Install Julia for Mac, Windows, or Linux at https://julialang.org/downloads/

A tutorial on Julia can be found here: https://www.sas.upenn.edu/~jesusfv/Chapter_HPC_8_Julia.pdf

Installation

julia> ] 
pkg> add https://github.com/brendanstats/AssignmentSolver.jl
pkg> add https://github.com/brendanstats/BayesianRecordLinkage.jl

Dependencies

In addition to the AssignmentSolver module the following packages are loaded: Distributions, DataStructures, StatsBase, StatsFuns, SparseArrays, SpecialFunctions, Dates StringDistances. These should be installed automatically by the package manager but can be installed with the following line if necessary.

pkg> add Distributions DataStructures StatsBase StatsFuns SparseArrays SpecialFunctions Dates StringDistances

Methods

The package implements a variety of methds described in McVeigh, Spahn, & Murray (2019) that allow probabilistic Bayesian record linkage models to be estimated for datasets involving hundreds of thousands or millions of records. Throughout a conditional independece model for record linkage employing categorical comparison vectors is assumed. This model is identical to the one outlined in Sadinle (2017).

Penalized-likelihood Estimator

The penalized_likelihood_search_hungarian and penalized_likelihood_search_auction functions allow for a sequence of model estimates with the number of links subject to increasingly large penalty terms. The information from this sequence can then be used in construting a set of post-hoc blocks. The penalized_likelihood_search_hungarian function relies on a Hungarian algorithm to solve assignment problems internally while penalized_likelihood_search_auction relies on an auction algorith. In most cases the auction algorithm will be dramatically more computationally efficient and it is therefore recommended that the penalized_likelihood_search_auction function be used.

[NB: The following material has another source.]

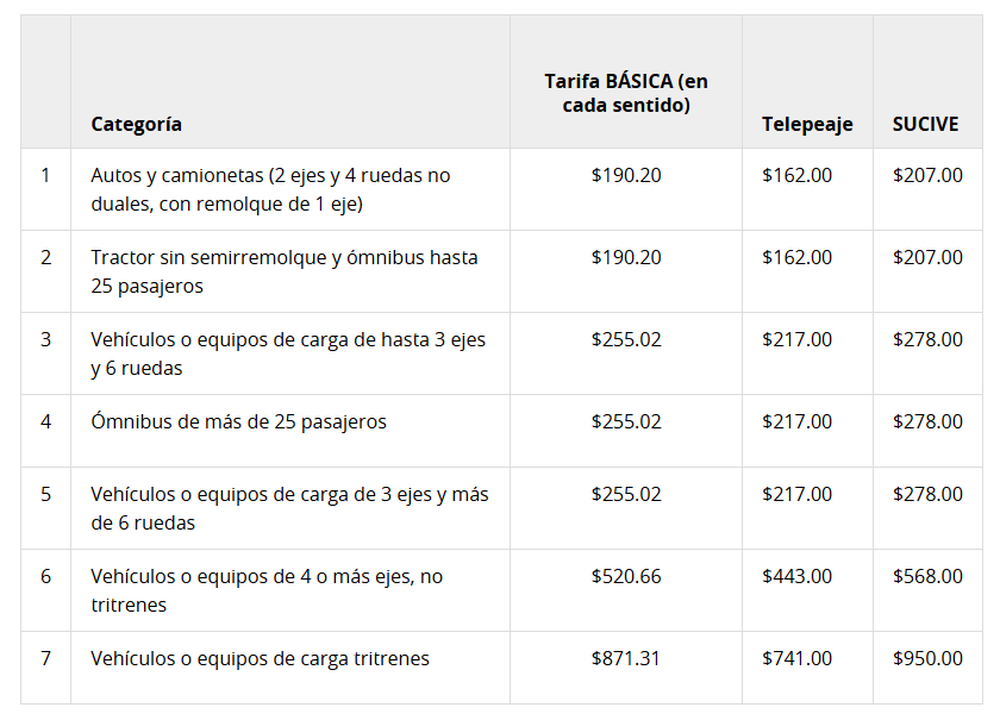 Los valores varían según la categoría del vehículo y el método de pago. Para autos y camionetas, la tarifa básica por cada sentido se estableció en $190. Si se paga con Telepeaje, el costo baja a $162, mientras que con SUCIVE la tarifa asciende a $207.

Post-hoc Blocking with Restricted Markov chain Monte Carlo algorithm

The mh_gibbs_trace and mh_gibbs_count functions implement an MCMC sampler for estimating a posterior distribution over the linkage structure and the model parameters. mh_gibbs_trace retirns the full trace of the linkage structure, storing link persistence, when specifc record pairs are added and deleted, whereas mh_gibbs_count stores only the number of MCMC iterations in which each record pair is presemt. Both functions save a full trace of the other model parameters. Additionally, both return a set of three objects. The first returned object (of type ParameterChain) contains the trace (or counts) of the link structure and the trace of the other model parameters. The second returned object contains the frequencies with which updates were performed for each post-hoc block. The third returned object contains the link structure (of type LinkMatrix) after the final step of the sampler.

MCMC Moves

Within the MCMC sampler the model parameters are updated, conditional on the linkage structure via a gibbs update. For singleton post-hoc blocks, those containing only a single record pair, a gibbs update to the linkage structure within the block is also possible. For larger post-hoc blocks locally balanced moves Zanella 2019 are used.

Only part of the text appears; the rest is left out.